Australian politician

Graham Mylne (15 October 1834 – 5 April 1876) was an Australian politician and pastoralist in the Colony of Queensland. He was a Member of the Queensland Legislative Assembly. He was the member for Warrego from 24 June 1867 to 18 September 1868.

== Early life ==
Graham Mylne was born on 15 October 1834 in St Andrews, Fife, Scotland. He was a Lieutenant in the 95th regiment of the British Army from 1853 to 1861, seeing action on Deesa, India in 1854, the Crimea 1855, Lucknow 1857, Hunker 1858, Burugain, Sandi and Ruiya 1859.

==Australia==
Graham arrived in Australia in 1859 to manage the family grazing property Eatonswill, near Grafton, New South Wales, and in 1860 married Helena White daughter of William and Jane White of Lota in Manly, Queensland. In 1864, he moved to Roma, Queensland, in the Maranoa district, where he leased the grazing property Amby Downs in partnership with Sir Robert Herbert, the Premier of Queensland, and Sir John Bramston, the Attorney-General of Queensland. He returned to Eatonswill in 1869 with his wife Helena and six children and lived there until his untimely death in 1876, aged 42.

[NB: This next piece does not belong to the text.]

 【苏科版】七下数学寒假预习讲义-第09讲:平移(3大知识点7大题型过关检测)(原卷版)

Graham was a member of the Queensland Legislative Assembly, Member for Maranoa, and of the Queensland and Australian Clubs, and also a frequent guest of the governor Sir George Bowen and his wife Diamantina at Government House, Brisbane, they being of similar age and close friends. He died on 5 April 1876 in Grafton, New South Wales.

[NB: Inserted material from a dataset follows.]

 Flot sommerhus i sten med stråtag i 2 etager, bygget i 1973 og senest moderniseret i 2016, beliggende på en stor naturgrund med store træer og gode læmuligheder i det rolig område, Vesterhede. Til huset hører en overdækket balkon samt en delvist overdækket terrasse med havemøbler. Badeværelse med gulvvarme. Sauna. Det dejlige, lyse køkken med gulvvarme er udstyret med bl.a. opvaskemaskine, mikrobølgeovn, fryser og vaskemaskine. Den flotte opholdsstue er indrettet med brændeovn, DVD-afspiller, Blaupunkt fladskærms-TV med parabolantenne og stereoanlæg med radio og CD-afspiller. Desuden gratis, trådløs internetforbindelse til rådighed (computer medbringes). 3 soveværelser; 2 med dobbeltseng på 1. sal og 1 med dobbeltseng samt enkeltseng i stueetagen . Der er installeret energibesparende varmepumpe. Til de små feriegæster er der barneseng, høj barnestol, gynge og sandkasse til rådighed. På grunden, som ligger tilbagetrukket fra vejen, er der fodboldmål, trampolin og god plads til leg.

==Nina Mylne and Sir Ninian Stephen==
His daughter and heiress Nina was travelling around Europe, when she employed as a paid companion one Barbara Stephen, who had recently been abandoned by her husband, with a new baby to look after. The baby was christened Ninian, after Nina, who paid for his early schooling in Edinburgh, London, Montreux, and Melbourne. Ninian Stephen went on to become a Justice of the High Court of Australia and Australia's longest-lived governor-general, and was knighted five times. Sir Ninian Stephen was told his father had died, and did not discover until 2003 that he had in fact moved to Canada and started a new family there.

==Historical Objects==
The tunic of Graham Mylne from his service in the British Army is held by the Queensland Military Historical Society at Fort Lytton National Park.

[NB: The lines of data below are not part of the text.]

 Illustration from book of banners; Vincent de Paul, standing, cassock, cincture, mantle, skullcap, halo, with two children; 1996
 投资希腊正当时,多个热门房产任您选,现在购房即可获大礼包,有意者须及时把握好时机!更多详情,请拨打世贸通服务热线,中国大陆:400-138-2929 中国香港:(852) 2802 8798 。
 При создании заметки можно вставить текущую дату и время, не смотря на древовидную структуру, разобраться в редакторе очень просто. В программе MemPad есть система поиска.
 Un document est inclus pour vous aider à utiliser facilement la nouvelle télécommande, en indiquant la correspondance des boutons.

The tunic was handed down by the family at Lota House, it was later donated by the family to the Queensland Women's Historical Association when the family donated Lota House to the church. During the 1990's, the QWHA began rationalising its collection to fit with its charter and many Military items were subsequently donated to QMHS and the Supreme Court of Queensland Library.